Thursday, April 20, 2017

Naïf bidouillage holocaustique

Holocauste : les Alliés auraient su dès 1942, Le Progrès (Lyon), 20 avril 2017

Exercice pour débutants en révisionnisme : Montrez que cet article n’est que le résultat d’un naïf bidouillage.

Corrigé de cet exercice : Aucune preuve n’est fournie ; jusque dans le titre, les affirmations ne sont généralement rapportées qu’au conditionnel ou en utilisant la préposition « selon » :

« auraient su » ; « certains documents révéleraient » ; « selon le quotidien  [The Guardian, 18 avril] prouveraient », « auraient préparé », « selon Dan Plesch ».
Le titre est alléchant ; quant à la première phrase, elle est affirmative, prometteuse et fracassante. Du coup on s’attend à une démonstration. On se dit que vont nous être fournies des preuves, des sources précises et des références complètes. En réalité, on ne récolte que ... du vent, du vague et du gaz. Sur le sujet en question, tel est invariablement le cas.
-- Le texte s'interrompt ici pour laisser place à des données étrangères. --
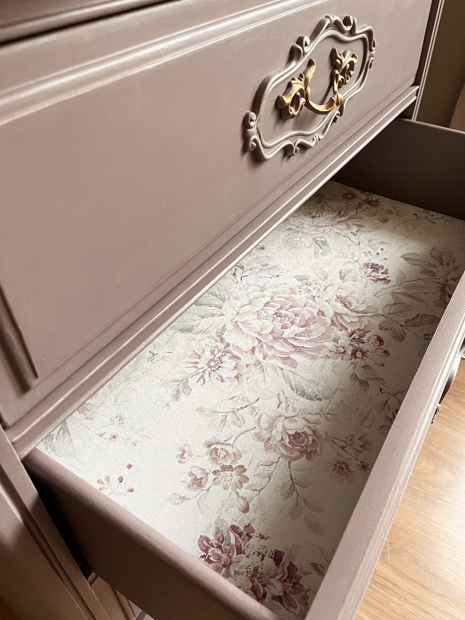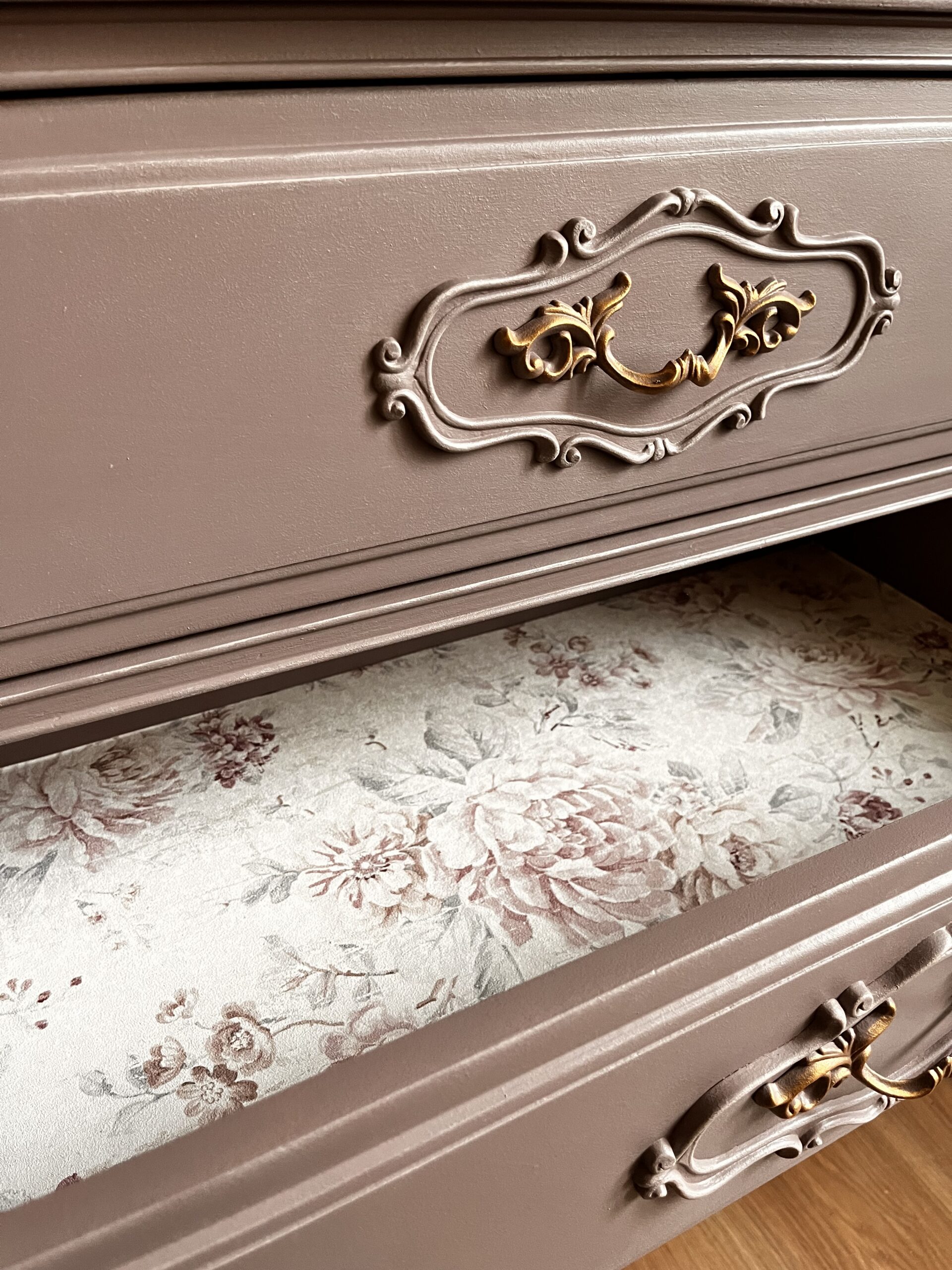 Wnętrza szuflad wykończone zostały starannie dobranym kwiatowym wzorem w stylu vintage. To detal, który pozostaje niewidoczny, a jednak definiuje charakter mebla i sprawia, że korzystanie z niego staje się jeszcze przyjemniejsze.
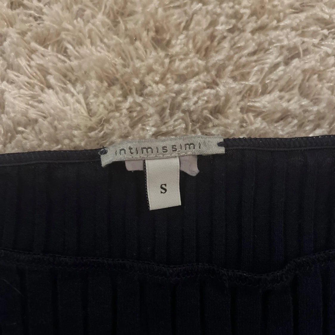 Säljer en stilren marinblå ribbad topp från Intimissimi i storlek S. Den har en tight passform och långa ärmar, perfekt för både vardag och fest. Materialet är mjukt och stretchigt, vilket gör den superbekväm att bära. Passar perfekt till höst- och vintergarderoben!
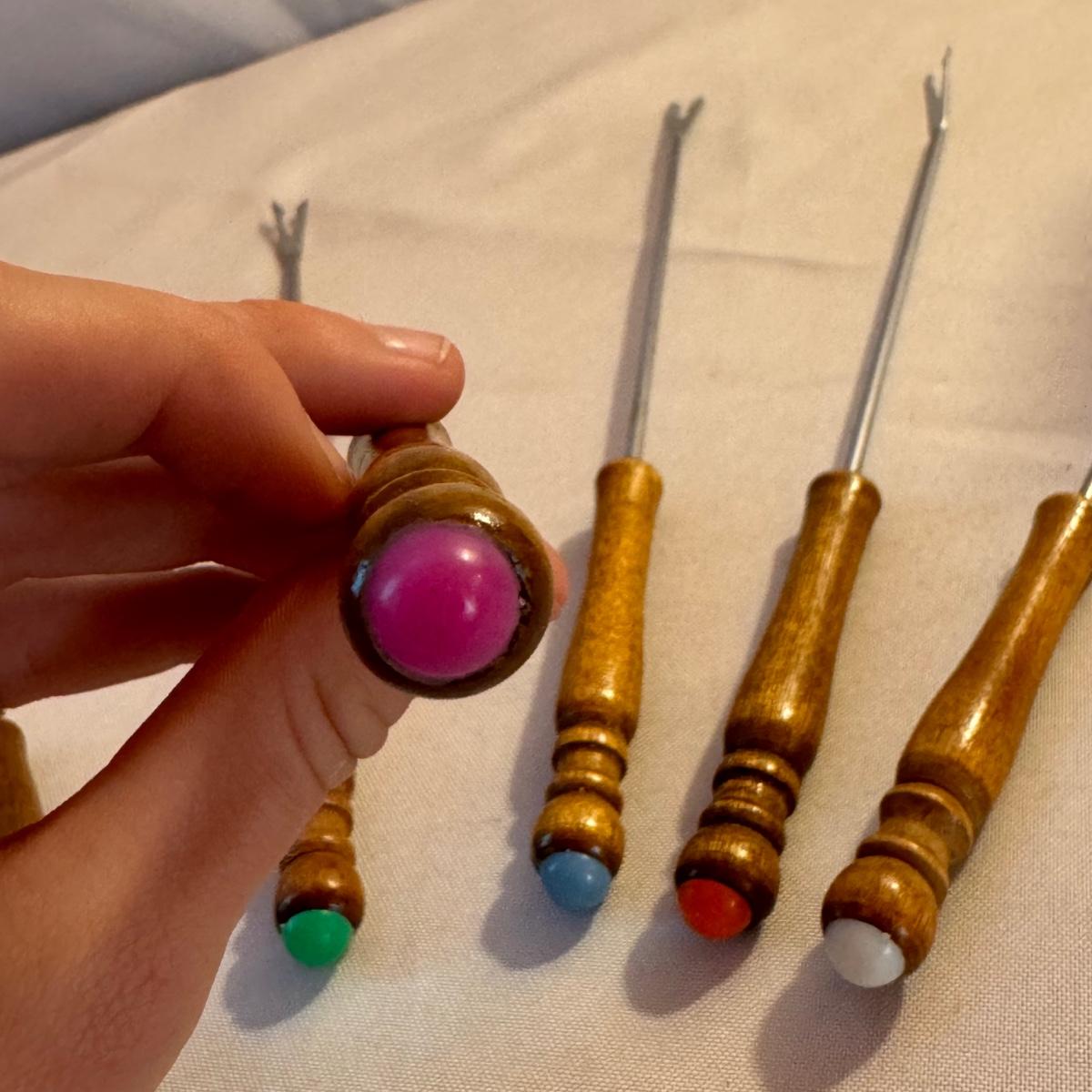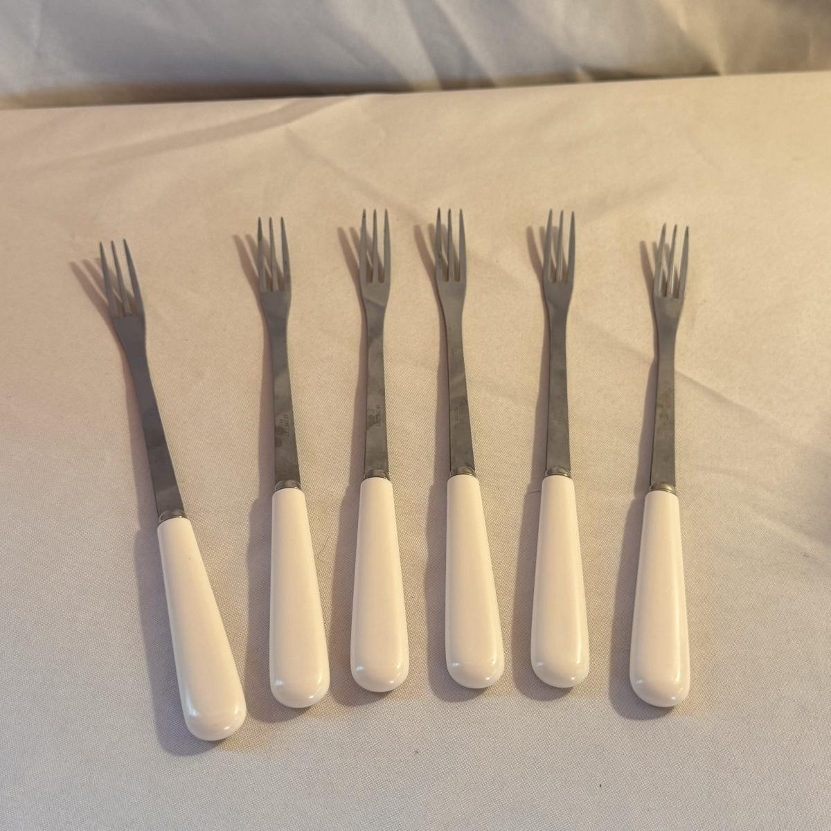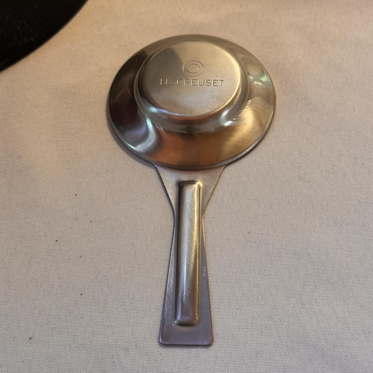 This lot includes one Le Creuset cast iron fondue set, four metal skewers with white plastic handles, six metal skewers with wooden handles, and one fondue cookbook. Shipping available.
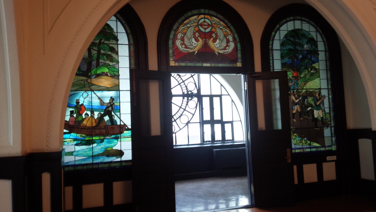館内は素敵な西洋建築でステンドグラスも多様されています
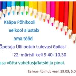 Eelkool toimub veel: 29.03; 5.04; 12.04
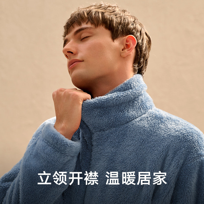曼妮芬加厚男士睡衣立领开襟长袖长裤套装舒适家居服合体起居服
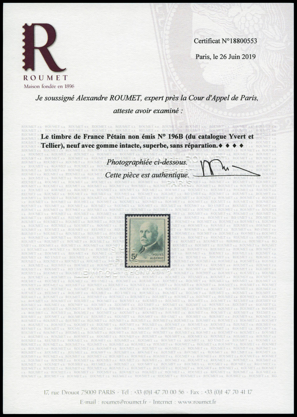 N°196B, NON EMIS, 5f vert. SUP. R.R. (signé/certificat) Qualité: ** Cote: 2000 euros (Image) (imagea)
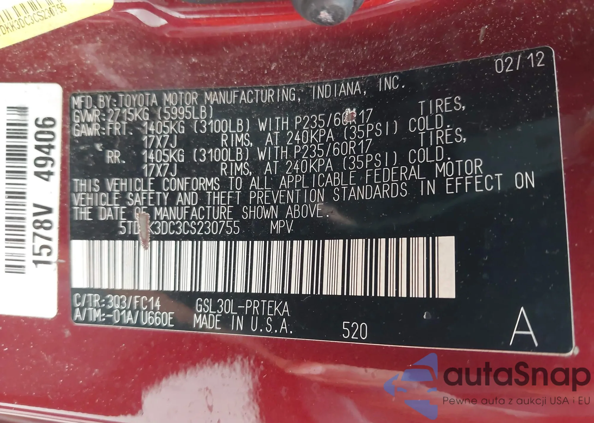 LOT: 43286372 VIN: 5TDKK3DC3CS230755
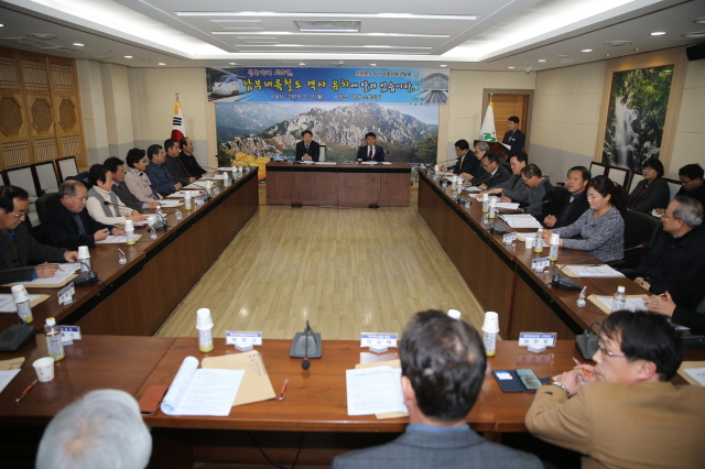 【경상포커스=전상철기자】11일 오후 5시, 성주군청 소회의실에서 성주군(군수 이병환)과 성주군의회(의장 구교강), 성주군사회단체협의회(회장 홍준명)가 한자리에 모여 남부내륙철도 성주역사(驛舍) 유치를 위한 간담회를 개최했다.

Quant à l’article du quotidien The Guardian, il est brumeux comme un jour de smog à Manchester [1]. Sans en préciser la source (qui est le document PS-3311 du procès du Tribunal Militaire International (TMI) de Nuremberg, 1945-1946), on y cite un fragment concernant les « chambres à vapeur » (steam chambers) (sic) de Treblinka. Or, ce document a valeur de « preuve authentique » en vertu de l’article 21 du Statut du TMI. Nous avons donc, en principe, l’obligation de croire qu’à Treblinka les Allemands ébouillantaient les juifs (comme des écrevisses ?) dans des « chambres à vapeur ». Le journaliste britannique a soigneusement escamoté ces embarrassantes « chambres à vapeur » pour ne parler que d’un certain sol « en terre cuite » qui était « très glissant ». Il a jeté un voile pudique sur la loufoquerie de l’ébouillantement pour préserver le tabou du gazage. Comme disait le Tartuffe de Molière, 

                                            […] Couvrez ce sein que je ne saurais voir.
                                            Par de pareils objets les âmes sont blessées.
                                            Et cela fait venir de coupables pensées. 

Ici, au vu de pareilles élucubrations, les « coupables pensées » ne manqueraient pas d’être révisionnistes. Dans le même ordre d’idées, rappelons que, pour Elie Wiesel, dans La Nuit, à Auschwitz, les diaboliques Nazis exterminaient par le feu (celui de fournaises en plein air) et non par le gaz  tandis que, pour la Pravda du 2 février 1945, « les fascistes allemands » pratiquaient l’extermination à l’électricité. Eau, gaz, électricité, feu, sans compter quelques autres moyens comme la chaux vive ou les pompes à faire le vide, les bobardeurs de la Seconde Guerre mondiale ont fait preuve d’autant d’imagination que les bobardeurs de la Première Guerre mondiale.

20 avril 2017

[1] Le mot smog provient d’une combinaison de smoke (fumée) et de fog (brouillard).